** Opening The data block **

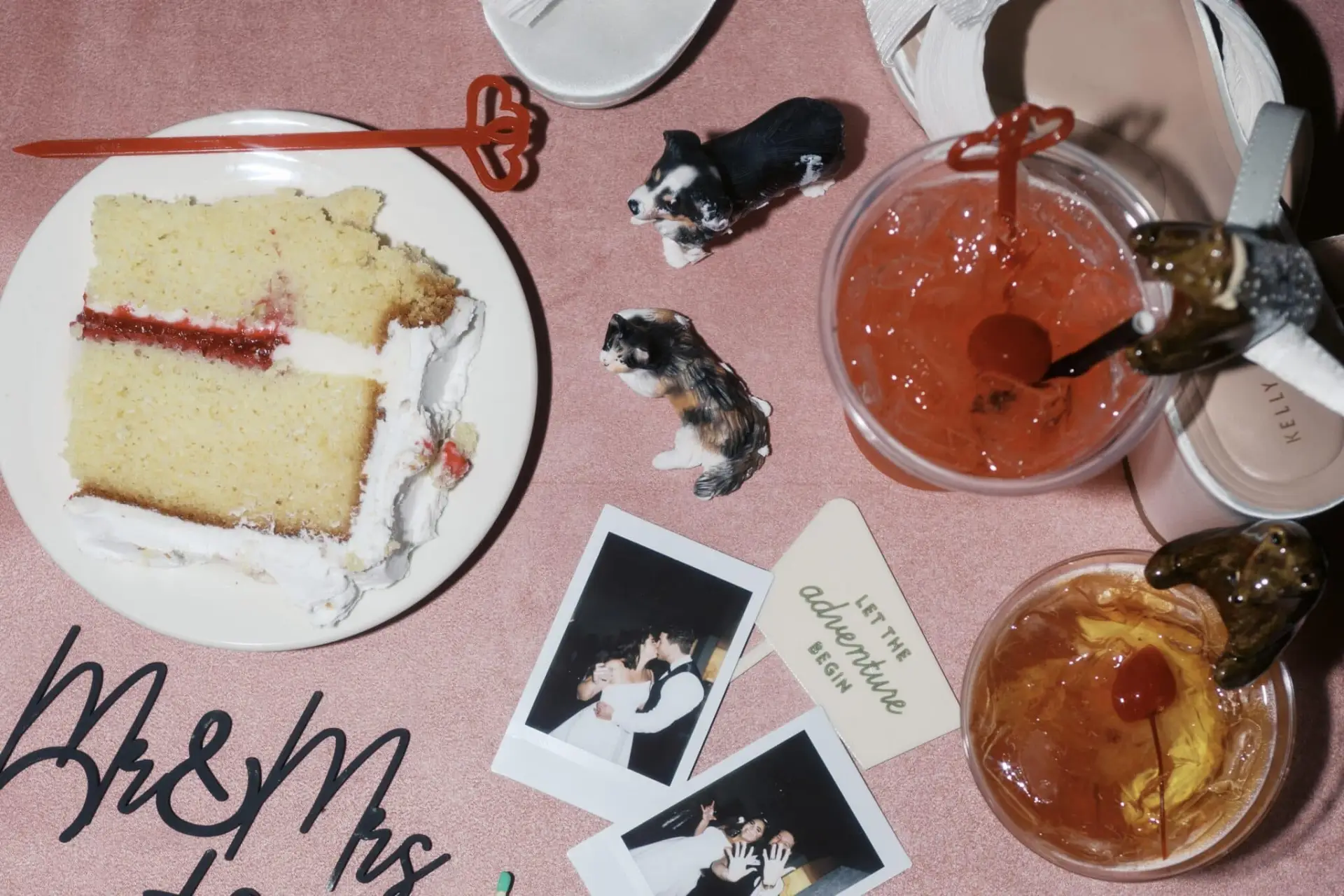 All pieces of a wedding invitation spread out on blue fabric
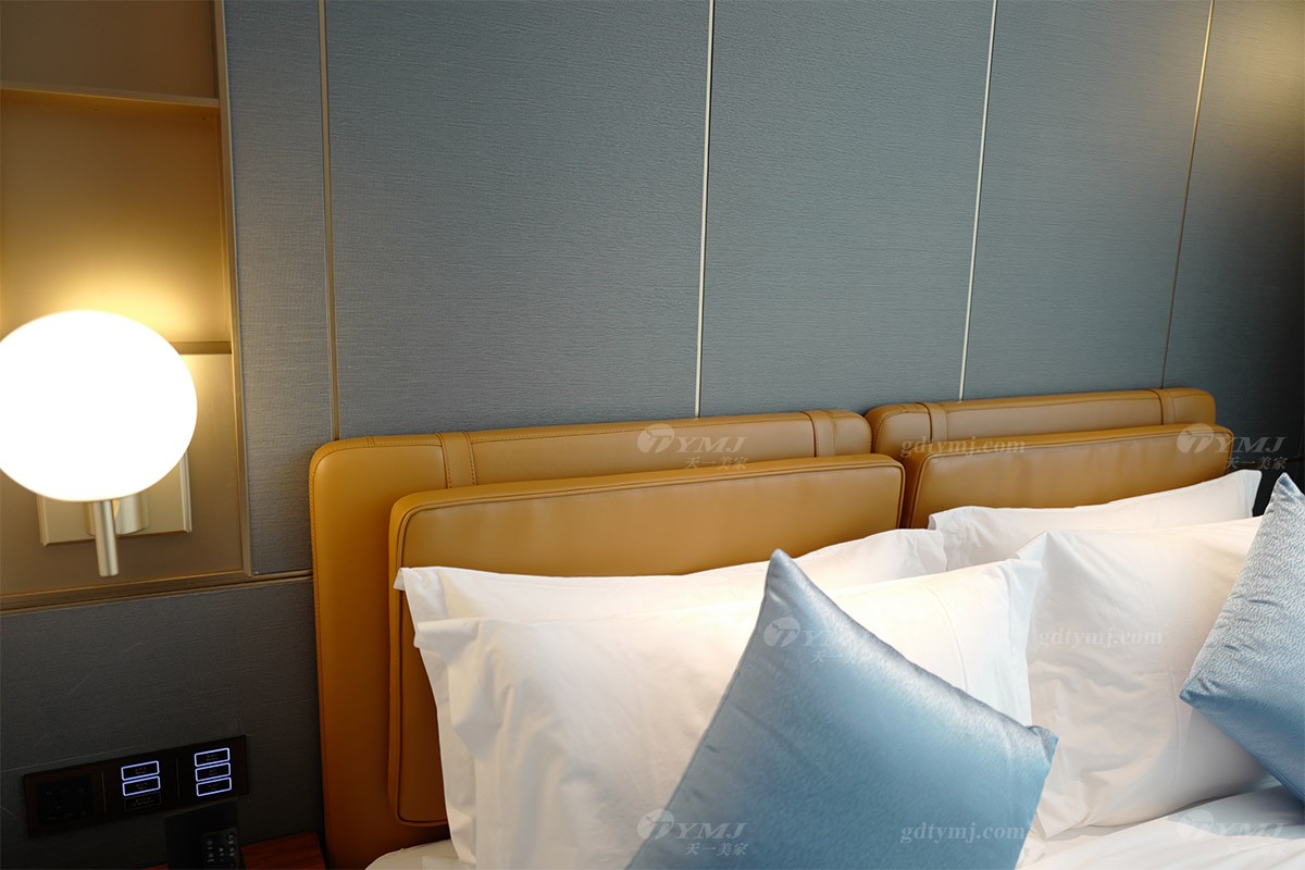 雅致双床房首先映入眼帘的是一整面灰蓝色纯色装饰的背景墙,色调略显深邃而宁静;两张橘黄色皮艺大床铺上蓝、白色系的床品,显得既优雅舒适又充满清爽活力,与背景墙灰蓝色的基调相映成趣,使得整个空间地多增添了几分温馨、和谐。
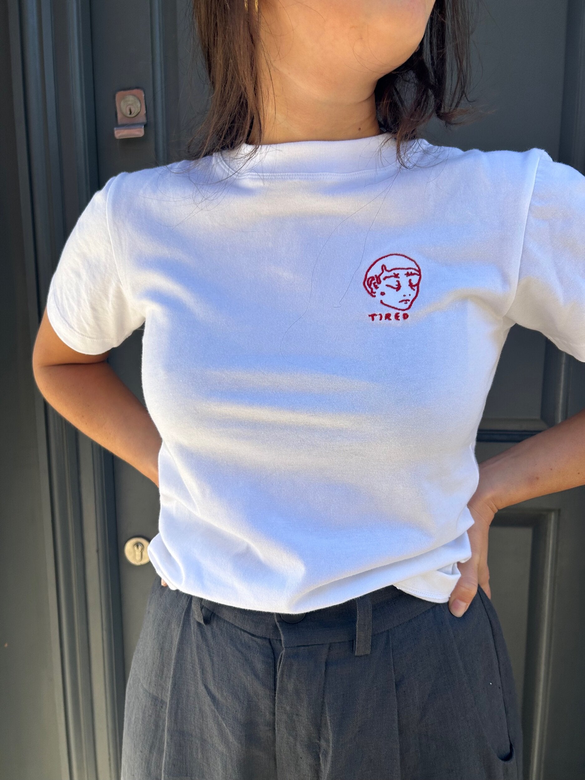 Tummy Ache T-shirts value comfort, sustainability, and expressing your emotions. This T-shirt is for those who know that being tired, and feeling overwhelmed, doesn’t minimise your power.*yawn* let’s take down this exhaustively productive framework of society *yawn* This T-shirt is made from 100% Organic cotton and embroidered with recycled thread.
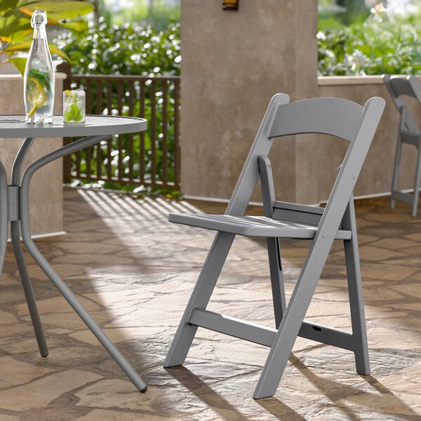 This model's gray resin finish adds style and vivid color to any backyard barbeque, formal banquet, pool area, or beachfront establishment. Plus, its durable polypropylene design ensures it can stand up to both indoor and outdoor use for added versatility, making it ideal for your business.
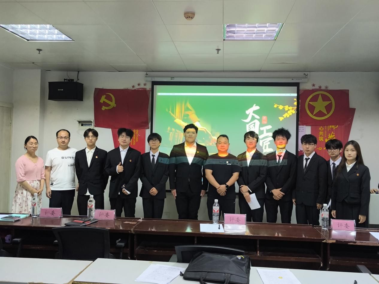 最后,现场全体参赛选手与所有评委老师进行合影留念。本次活动不仅展示了工学院莘莘学子积极向上、勇于挑战的精神面貌,更是对与咸宁职院“技能成才,强国有我”校训的生动实践与工匠精神、文明素养的不懈追求。
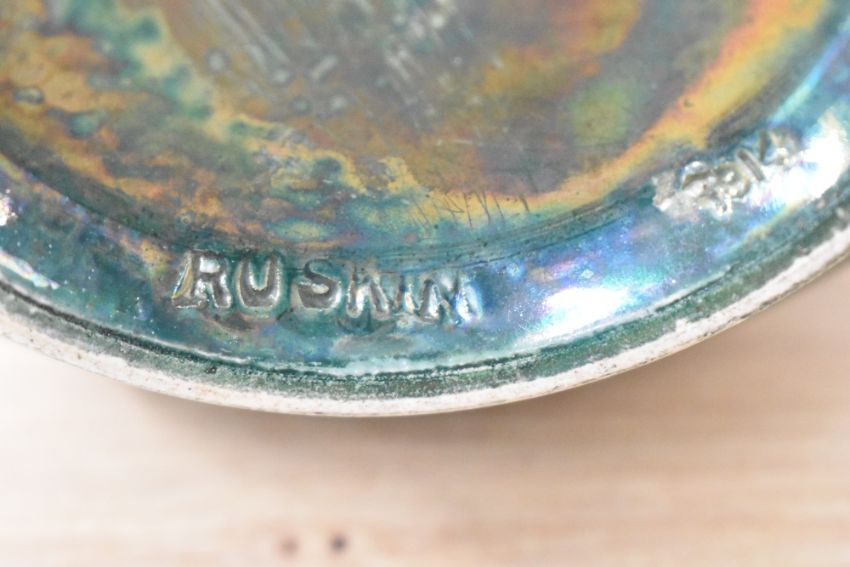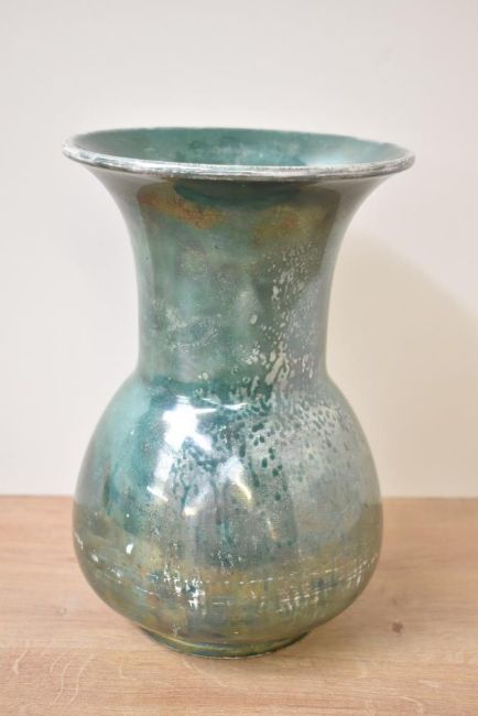 An early 20th century Ruskin pottery art vase, having flared rim over alabuster body, decorated in green drip glaze, impressed with makers mark 'Ruskin 1914' to base, h22cm Condition: Presented in good condition.
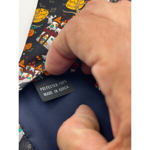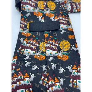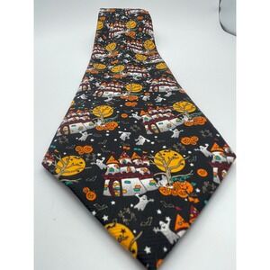 Keywords: Halloween tie, necktie, men's tie, haunted house, ghost, pumpkin, costume tie, party tie, novelty tie, festive tie, holiday tie, halloween costume, mens accessories, polyester tie
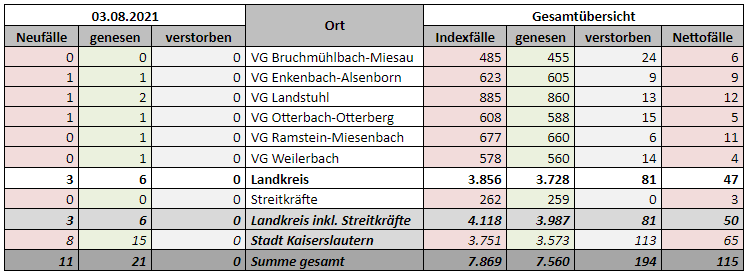 7.869 Indexfälle in Stadt und Landkreis, 7.560 genesenen Personen, 194 Todesfälle, 03.08.
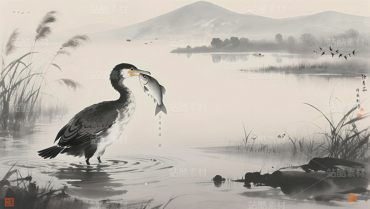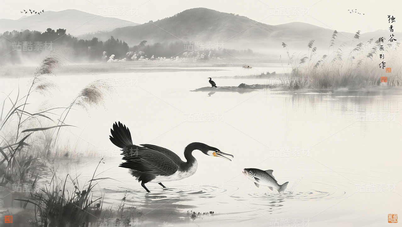 写意山水花鸟新中式水墨花鸟水墨山水花鸟画国画山水画

** Closing The data block **

What you give back must be exactly the lines from the opening line of the entries through the line holding "雅致双床房首先映入眼帘的是一", with no pictures.

 All pieces of a wedding invitation spread out on blue fabric
 雅致双床房首先映入眼帘的是一整面灰蓝色纯色装饰的背景墙,色调略显深邃而宁静;两张橘黄色皮艺大床铺上蓝、白色系的床品,显得既优雅舒适又充满清爽活力,与背景墙灰蓝色的基调相映成趣,使得整个空间地多增添了几分温馨、和谐。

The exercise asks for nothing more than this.